Can you find area of the Green shaded region? | (Square) |

Awesome breakdown sir so Thanku for these daily exercises!

Enjoyed a lot by solving & knowing your problems. Thanks a lot sir

Enjoyed

Thank you!

i watch your videos everyday, your problems are really amazing! But if you don't mind, could you please come with more hard problems? It would be more helpful for me to take my skills to the next level. Thank you!

Bom dia Mestre.
Não acredito q acertei
Aprendi Geometria graças às vossas aulas
Deus lhe Abençoe

Soo great
This channel is so nice
Can you share other math problems except geometry pls

Диагональ квадрата равна радиусу, значит, сторона будет r/√2. Площадь треугольника r²/(2√2)=2√2⇔r²=(2√2)²⇔r=2√2. Тогда сторона а=2, площадь 4, а её половина - снова 2. Площадь сегмента равна четверти полукруга или ¹/₈ круга, т. е. πr²/8=8π/8=π. Отнимаем нашу половинку (совпадает по диагонали с сегментом): π-2.
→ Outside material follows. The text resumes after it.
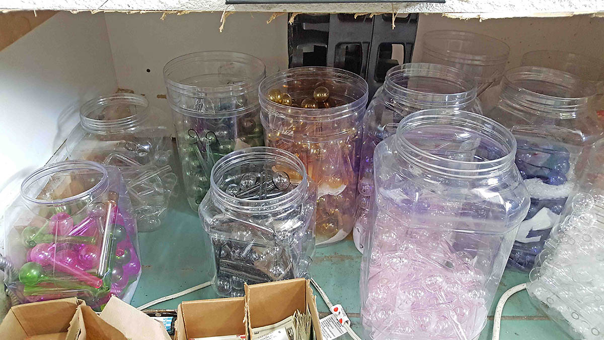 Also, numerous plastic containers containing assorted glass pipes in different sizes and colors were located behind the counter on the floor, for sale.
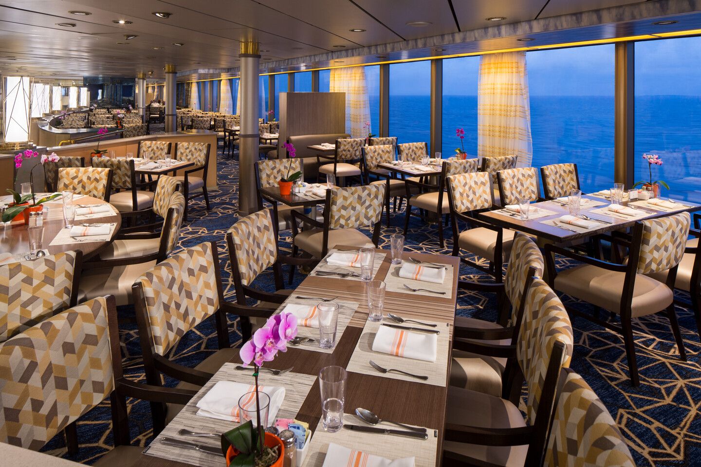 Корабът разполага с шест заведения за хранене, от коите 3 са включени в цената на круиза: The Dining room – основен ресторант за закуска, обяди вечеря, Lido Market бюфет, предлагащ прясно изпечен хляб и сладкиши, салати, месо, риба на самообслужване, Dive in – грил, предлагаш бургери, хот-дог и картофки. Срещу доплащане може да посетите и Pinnacle Grill – стек хаус с премиум телешко и богата винена листа, Canaletto – италиански ресторант, представящ автентична кухня от Ботуша, Morimoto by sea – азиатски ресторант, фокусиран върху суши и прясна риба.

Nice! ar = 4√2; a = r√2/2 → r = 2√2 → a = 2 → area AFE = π - 2√2 + 2(√2 - 1 ) = π - 2

Overthought this one WAY too much! After mulling it over for an hour and getting nowhere, I finally realized that the diagonal of the square was equal to the radius of the semicircle. After I realized that, it was a piece of cake.

EO=OB=r EF=FO=OD=DF=r/√2 r*r/√2*1/2=2√2 r=2√2
Green shaded area = 2√2*2√2*π*45/360 - 2*2*1/2 = π - 2(cm²)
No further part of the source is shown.